Easy, and very relevant to our subject: every contract signed before the declaration of independence was still considered valid the day after. How was that contract interpreted? under the British statute even after independence and the writing of the constitution.
Hence the legal principle is there: in principle an old British statute can still have legal weight today.
Of course, in practice the answer is: very unlikely, as almost any valid law has been rewritten many times over by congress since independence.
And so we kept the British legal traditions in this country, except in Louisiana, where they use French legal traditions at the State level.

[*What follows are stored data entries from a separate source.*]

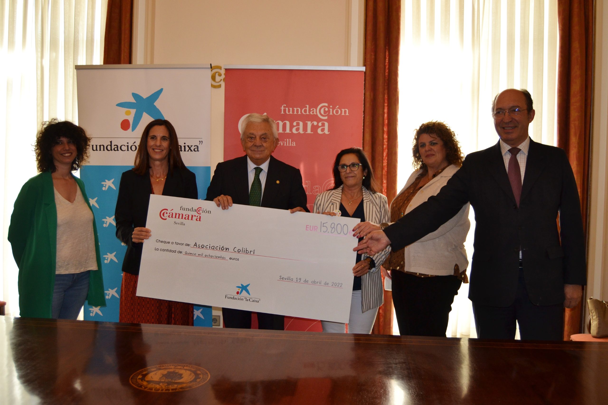 La Fundación Cámara y la Fundación la Caixa han hecho entrega de la recaudación de la Gala Benéfica “Dame tu mano” que se celebró el pasado 9 de marzo en el Teatro Cartuja Center. Un total de 15.800 euros, que van dirigidos a la Asociación Colibrí.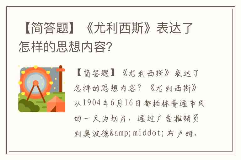 【简答题】《尤利西斯》表达了怎样的思想内容?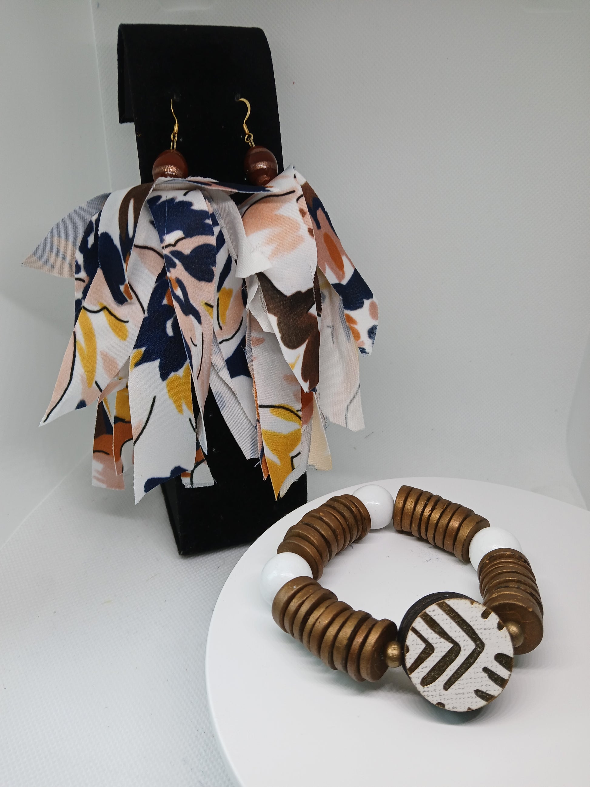 Lightweight Earring and Bracelet Set in a Colorful Fabric, Beads, Paper and Wood 3in long

New York, the most important economic area of the young republic, based its legal traditions on the Roman-Dutch law of the Dutch republic. The influence of the Republic of the United Netherlands on American institutions is quite obvious, if only because of the federal structure and explicit self-delegation of legislative power in an explicit constitution. The very notion of having an explicit constitution is antithesis of British legal traditions. Even the Declaration of Independence is modeled on the Dutch Act of Abjuration of 1581 (together with the Union of Utrecht considered the constitution of the Dutch Republic), which was standard fare for legal practitioners in the US in those days.
Only in the course of the 19th century British common law became the dominant jurisprudence, arguably for the sake of consistency in dealing with things like property, and - more importantly - because the US gradually became a monolingual country and using foreign language jurisprudence is inefficient.
"Statute of Frauds" is a legal term of art referring to certain kinds of contracts that are not enforceable if they aren't in writing. If a contract comes within the statute of frauds, an offer to enter into it must be both in writing and "signed."
English law, as codified in the U.S. in Uniform Commercial Code section 1-201(39), says that a writing is "signed" when it contains "any symbol executed or adopted by a party with present intention to authenticate a writing."
The header was inserted when the email was sent. The sender didn't even know this was happening. Obviously, he didntt put it in, or adopt it, intending to authenticate his writing.
Therefore the offer was unenforceable.
For the same reason, if a name is accompanied by a disclaimer saying that it is not intended to authenticate a writing, this negates any "present intention to authenticate" the writing and would therefore not would satisfy the definition of "signed."
The case is no big deal. Hold your towel and Don't Panic.